I’m going to circle back to my very first blog.
The picture shown is my thinking spot. It’s where I collect my feelings and try to figure them out.
It’s a daily struggle to even want to get up in the morning, let alone having to function. You know, get showered, dressed, go to work, be a mom…. But every day I do it all. It’s like a sick spell that casts over you. One minute you could be fine. And the next you’re just shut off. It’s difficult to explain. It could take just a minute to get over, or months. And there’s no real antidote to fix it. You just want to hide. Not speak to anyone, not go anywhere. You just stop caring about everything. You have this pit in your stomach and a hole in your heart. Sometimes you know what triggers it, other times you dont.
My explanation may be a bit off only because I have other contributing factors. As mentioned I have OCD, PTSD and anxiety. Most days I just feel beat down.
“What’s wrong” is something I hear way more than I should. It’s always so difficult to answer that question. It got to a point where I just have been saying that I haven’t been sleeping well. It’s either that or I’d have to take time to explain to people that sometimes I just don’t know what’s wrong, and other times I feel like they wouldn’t understand. Even my best friend, I tell her almost everything. And every now and then I feel like I’m just a broken record and all I do is complain. She says she doesn’t mind, but come on, even I don’t want to hear myself anymore. But yet, I have to get up every day and be a working mom. I’m also a single mom so it’s not like I get sick days or days where I can just pass off house work and parent duties to my spouse. I know my daughter can tell when I’m having an off day. I’ve never told her, but when I feel down and out, she’s more attentive and sometimes asks if we can just snuggle.
I have suffered with depression for as long as I can remember. But I know it’s gotten worse since my abusive relationship (watch for my next blog), and even more so since the most recent ex (soon to be coming blog). It seems like everyone I have let in my life has left me and let me down. Everyone is so quick to say that they will be there for me and support me, but as soon as I let them in, I prove to myself why I was right in the first place to shut them out. It’s not like I let my guard down easily either. So they take so much time trying to break down my walls. It’s like a game to them, or so it seems.

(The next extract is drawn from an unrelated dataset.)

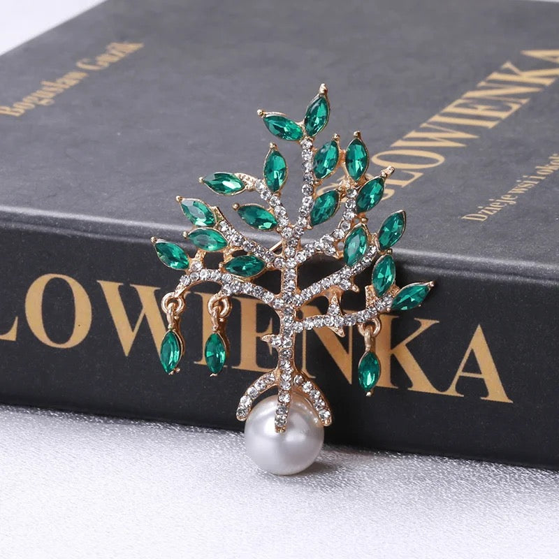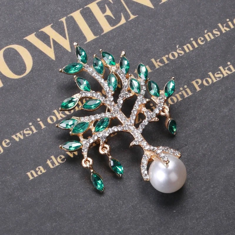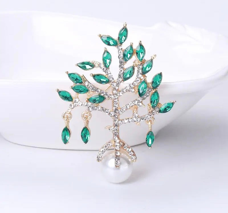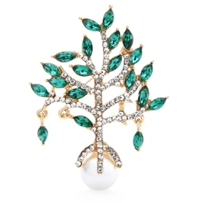 Crystal Fortune Crystal Tree with Simulated Pearl Brooch

Trust is not something that I give away easily. So it affects me so much when I finally trust people to be shown I was right all along. Especially when I tell them some of my past. Not only do I have to relive it at that moment, but after they leave it hurts so much more. But I don’t want to be one of those people that just gives up on love. I wholeheartedly want to believe it in. That love that people conquer the world with. But perhaps it’s just a pipedream. Anyways.
Depression is a daily struggle. And it requires a lot of patience from everyone involved. When I told my mom I suffered from depression, she told me to get over myself she had it first and said “how do you think I feel.” Words I never wanted to hear from my mother. She’s also an alcoholic so the 2 don’t mix well.
When you’re depressed, things just don’t make sense. And the smallest things hurt you. You never feel satisfied. How sad is that, that some people never feel satisfied in their life no matter how many things “go right” in their life. There’s always something to kick you down. It’s a slump that is sometimes so difficult to get out of. I wish so much that there was a quick fix. It’s draining to have all motivation, hope and excitement gone. All happiness washed away. Sometimes you can’t help but think if there will ever be an end to the madness. It’s just a constant voice inside your head bringing you down in everything you do. Not to mention the daily life struggles you feel.
And yet, you put on a smile and face every day…. if anyone out there ever needs an ear, someone to listen without judgement, please talk to me. I understand and I will be there for you if nobody else will. Everyone needs that reminder.